──────── Provided material

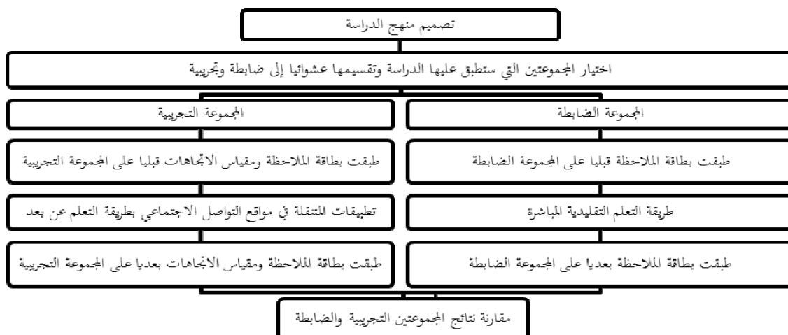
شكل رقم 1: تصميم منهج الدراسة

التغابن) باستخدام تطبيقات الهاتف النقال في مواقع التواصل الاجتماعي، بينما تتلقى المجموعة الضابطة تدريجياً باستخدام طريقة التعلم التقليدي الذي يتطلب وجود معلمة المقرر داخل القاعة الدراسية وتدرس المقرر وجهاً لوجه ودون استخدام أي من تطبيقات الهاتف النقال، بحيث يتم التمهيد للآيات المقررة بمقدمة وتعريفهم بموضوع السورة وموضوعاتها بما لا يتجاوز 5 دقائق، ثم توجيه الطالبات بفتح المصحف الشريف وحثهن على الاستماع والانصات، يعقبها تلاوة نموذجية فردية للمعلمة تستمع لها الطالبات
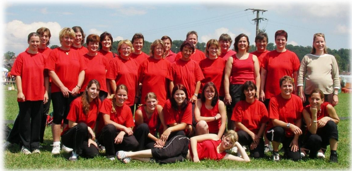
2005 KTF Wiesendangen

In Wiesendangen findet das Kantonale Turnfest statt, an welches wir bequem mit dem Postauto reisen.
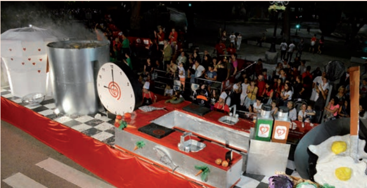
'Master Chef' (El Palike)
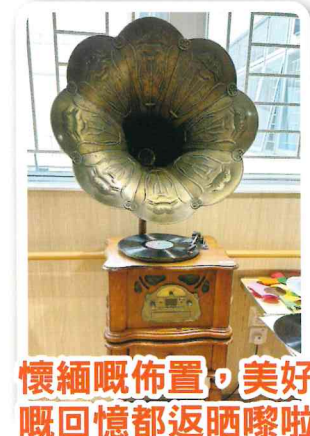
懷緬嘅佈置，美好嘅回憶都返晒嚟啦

────────────────

Word for word, print every record, and leave out any picture.

◆ Solution below
شكل رقم 1: تصميم منهج الدراسة

التغابن) باستخدام تطبيقات الهاتف النقال في مواقع التواصل الاجتماعي، بينما تتلقى المجموعة الضابطة تدريجياً باستخدام طريقة التعلم التقليدي الذي يتطلب وجود معلمة المقرر داخل القاعة الدراسية وتدرس المقرر وجهاً لوجه ودون استخدام أي من تطبيقات الهاتف النقال، بحيث يتم التمهيد للآيات المقررة بمقدمة وتعريفهم بموضوع السورة وموضوعاتها بما لا يتجاوز 5 دقائق، ثم توجيه الطالبات بفتح المصحف الشريف وحثهن على الاستماع والانصات، يعقبها تلاوة نموذجية فردية للمعلمة تستمع لها الطالبات
2005 KTF Wiesendangen

In Wiesendangen findet das Kantonale Turnfest statt, an welches wir bequem mit dem Postauto reisen.
'Master Chef' (El Palike)
懷緬嘅佈置，美好嘅回憶都返晒嚟啦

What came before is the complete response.